12:14 PM EDT – Supports dimension reshaping

12:15 PM EDT – 200 GB / s bidirectional IO per card

12:15 PM EDT – custom protocol with submicrosecond latency

12:15 PM EDT – Layers of cables on stands without DMA

12:16 PM EDT – AIC and OAM

12:17 PM EDT – Increase to 2D torus floor

12:18 PM EDT – Performance up to 160 cards

12:20 PM EDT – Next product ready soon

12:20 PM EDT – Questions and answers

12:21 PM EDT – Q: Is there a targeted training load? A: Training, supported type and machine language processing. The first customer used MLP

12:21 PM EDT -Q: Why design your own chip-to-chip protocol? Is cached A: Not cached, mailbox for data synchronization. we wanted an easier protocol with better latency

12:22 PM EDT – Q: Sell in the west? A: Current customers are Asia, but if you have interest, come to Enflame

12:22 PM EDT – The next speech is Qualcomm Cloud AI 100

12:23 PM EDT – 12 TOPS / watt

12:23 PM EDT – high performance and efficient accelerator

12:23 PM EDT – Another introduction to what drives AI

12:24 PM EDT – Qualcomm at the forefront of AI research, currently in the 6th generation

12:25 PM EDT – two forms of factors – high performance in PCIe HHHL and more powerful dual M.2

12:25 PM EDT – top SoC slide

12:26 PM EDT – customized high performance architecture

12:26 PM EDT – 400+ Int8 TOPs

12:26 PM EDT – 8 lanes PCIe 4.0

12:26 PM EDT – 16 GB / sof LPDDR4

12:26 PM EDT – store all weights on the SoC with 144 MB of built-in memory

12:27 PM EDT – Double M.2 is used for power supply

12:27 PM EDT – power management controller

12:27 PM EDT – 4-way VLIW

12:27 PM EDT – 1800+ instructions

12:27 PM EDT – SMT scalar nucleus

12:27 PM EDT – FP32 / FP16 and INT16 / INT8

12:28 PM EDT – 1 MB L2 cache

12:28 PM EDT – Vector unit, Tensor unit

12:28 PM EDT – Vector memory closely connected 8 MB between all units

12:28 PM EDT – Almost everything

12:29 PM EDT – Can work at different power levels

12:29 PM EDT – 12W for edge, 20W for ADAS, 70W High Perf mode

12:29 PM EDT – 7 nm

12:30 PM EDT – The tensor unit is 5 times more efficient than the Vecotr unit

12:30 PM EDT – 16 AI colors

12:30 PM EDT – 5 TOP / W at high performance

12:31 PM EDT – The whole lock package

12:33 PM EDT – Compiler supports mixed precision

12:36 PM EDT – Low power optimizations

12:36 PM EDT – minimize access to DDR and improve performance

12:36 PM EDT – Reuse data as much as you can get started before you start getting more

12:39 PM EDT – Divide the network into multiple AI100 cards

12:39 PM EDT – up to 16 cards per system

12:39 PM EDT -PCIe peer-to-peer switch

12:41 PM EDT – Performance on INT8 and Mixed, all inference

12:42 PM EDT – ‘industry leading results’

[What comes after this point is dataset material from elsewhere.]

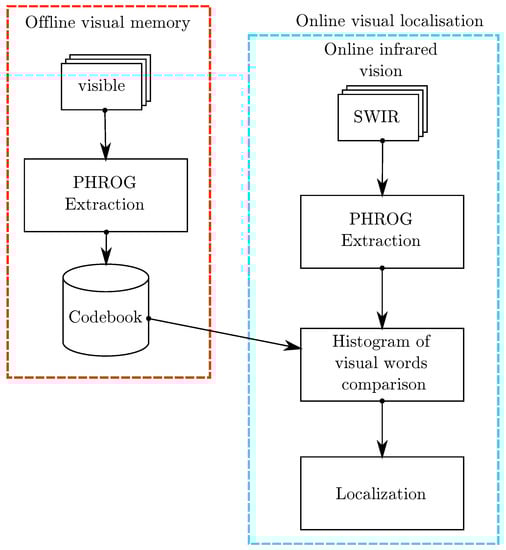 Dedicated to visual servoing, the method described in [] is a good example which focuses on mutual information on whole images for registration and tracking. In [], the authors use multimodal image registration at the heart of a SLAM process. Reference [] also proposes a multimodal approach involving visible and thermal imaging systems and claims its performances in daylight as well as at night. Nevertheless, both make use of two spectral ranges at the same time, that means using the same mix of information coming from a particular set of sensors at all times. In this paper, we put forth assumptions that the sensor set can change over time or between different agents and thus, the image retrieval process should be tolerant to these changes.

12:42 PM EDT – Performance in relation to batch size

12:44 PM EDT – AIMET can perform inlfight compression for locking

12:44 PM EDT – 15% increase in ResNET50 perf for only 1.1% decrease in accuracy

12:45 PM EDT – Edge implementation vs server implementation

12:45 PM EDT – DM.2e = double M.2

12:45 PM EDT – 15W TDP in that double M.2

12:46 PM EDT – Scalable solution for 5G, ADAS, infrastructure

12:46 PM EDT – Time for questions and answers

12:47 PM EDT – Q: Whether the power points are static or automatic adjustment A: The chip has DVFS – it can change DVFS based on power. For TDP, based on the solution, you can set the TDP in the firmware

12:47 PM EDT -Q: 12 board levels based on TOPS / W or chip level? A: Chip

12:49 PM EDT – Q: What are the main drivers for achieving peaks / WA: Good building blocks – 6th generation I have been in business for a long time. I’ve been doing this on mobile phones for a long time, especially locking. The basic block is efficient. VLIW – the compiler is quite advanced, keeping the hardware simpler. Same process for SoC level. Not cached, enabled via compiler

12:51 PM EDT – Q: Compromises between VLIW and RISC A: ML fits very well into VLIW, have an insight. We know how to make very efficient VLIW cores. But the load is well adapted to VLIW. I did an evaluation, but I found it to be the best way.

12:51 PM EDT – Q: NOC details? Network, crossbar? A: Hybrid, more linear with routers

12:53 PM EDT – Q: Systolic sequence? A: No.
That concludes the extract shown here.